Collected data
|---|

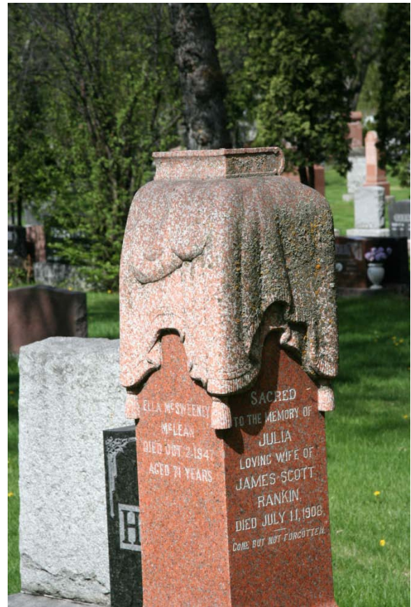
Curtain, Veil combined with a closed book
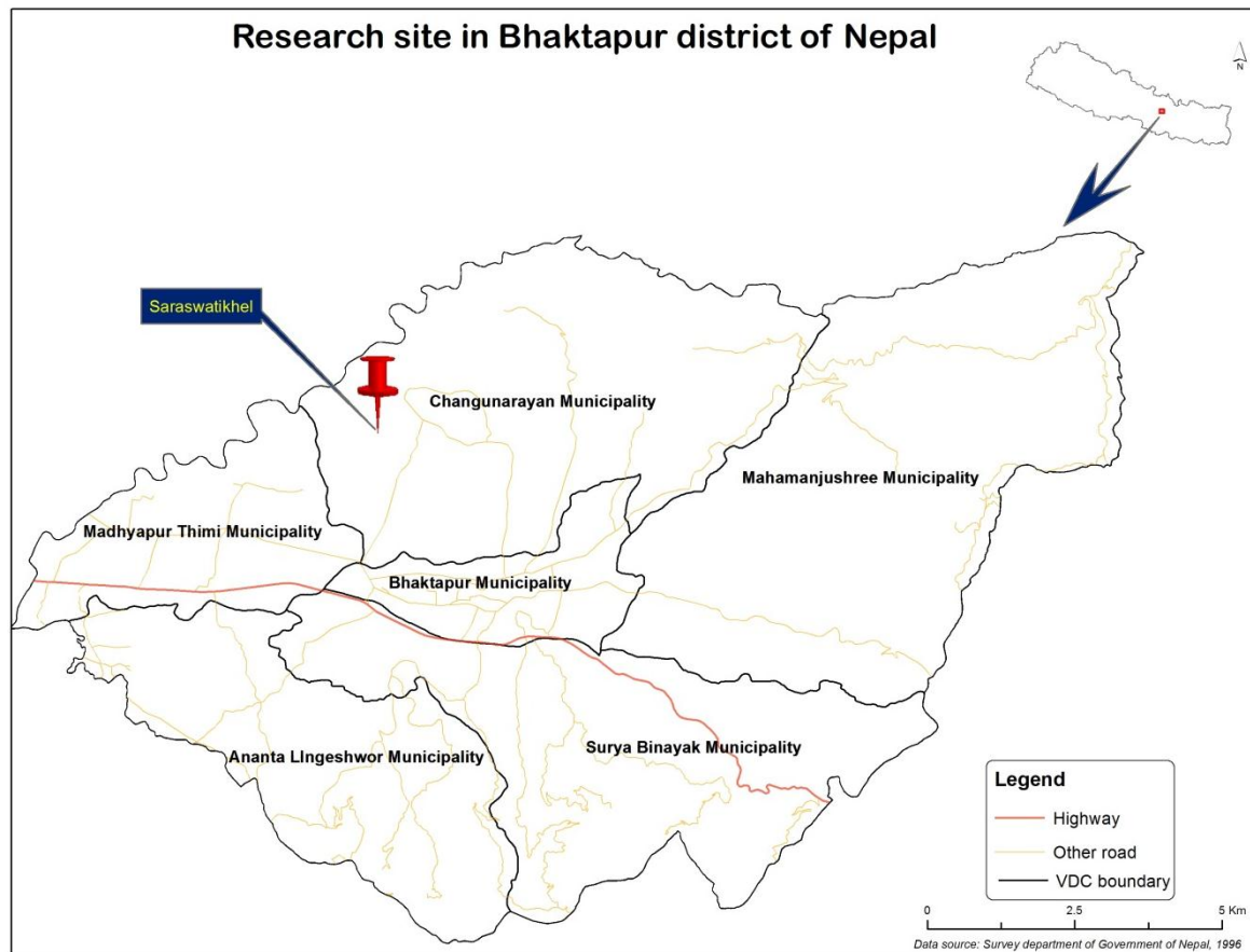
Figure 1. Map and location of the research site

1982), bulk density (BD) dry combustion method (Blake & Hartge, 1986), soil organic matter (SOM) dry combustion method (Nelson & Sommere, 1982), total nitrogen (TN) by Kjeldahl method (Bremner & Mulvaney, 1982), available phosphorus (AP) by modified Olsen's method (Olsen & Sommers, 1982), exchangeable potassium (EK) by ammonium acetate extraction followed by AAS method and cation exchange capacity (CEC) by ammonia acetate extraction method (Rhoades, 1982).
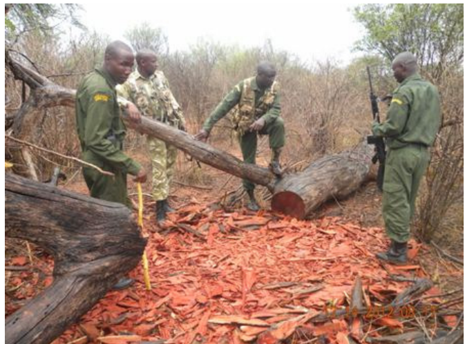
Above: illegal logging at Tundani area inside the Park
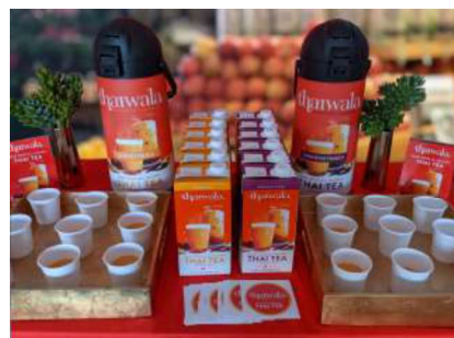
In-store demo setup

|---|

### Assigned task
Leaving the pictures out, give back each line above exactly.

### Solution to this problem
Curtain, Veil combined with a closed book
Figure 1. Map and location of the research site

1982), bulk density (BD) dry combustion method (Blake & Hartge, 1986), soil organic matter (SOM) dry combustion method (Nelson & Sommere, 1982), total nitrogen (TN) by Kjeldahl method (Bremner & Mulvaney, 1982), available phosphorus (AP) by modified Olsen's method (Olsen & Sommers, 1982), exchangeable potassium (EK) by ammonium acetate extraction followed by AAS method and cation exchange capacity (CEC) by ammonia acetate extraction method (Rhoades, 1982).
Above: illegal logging at Tundani area inside the Park
In-store demo setup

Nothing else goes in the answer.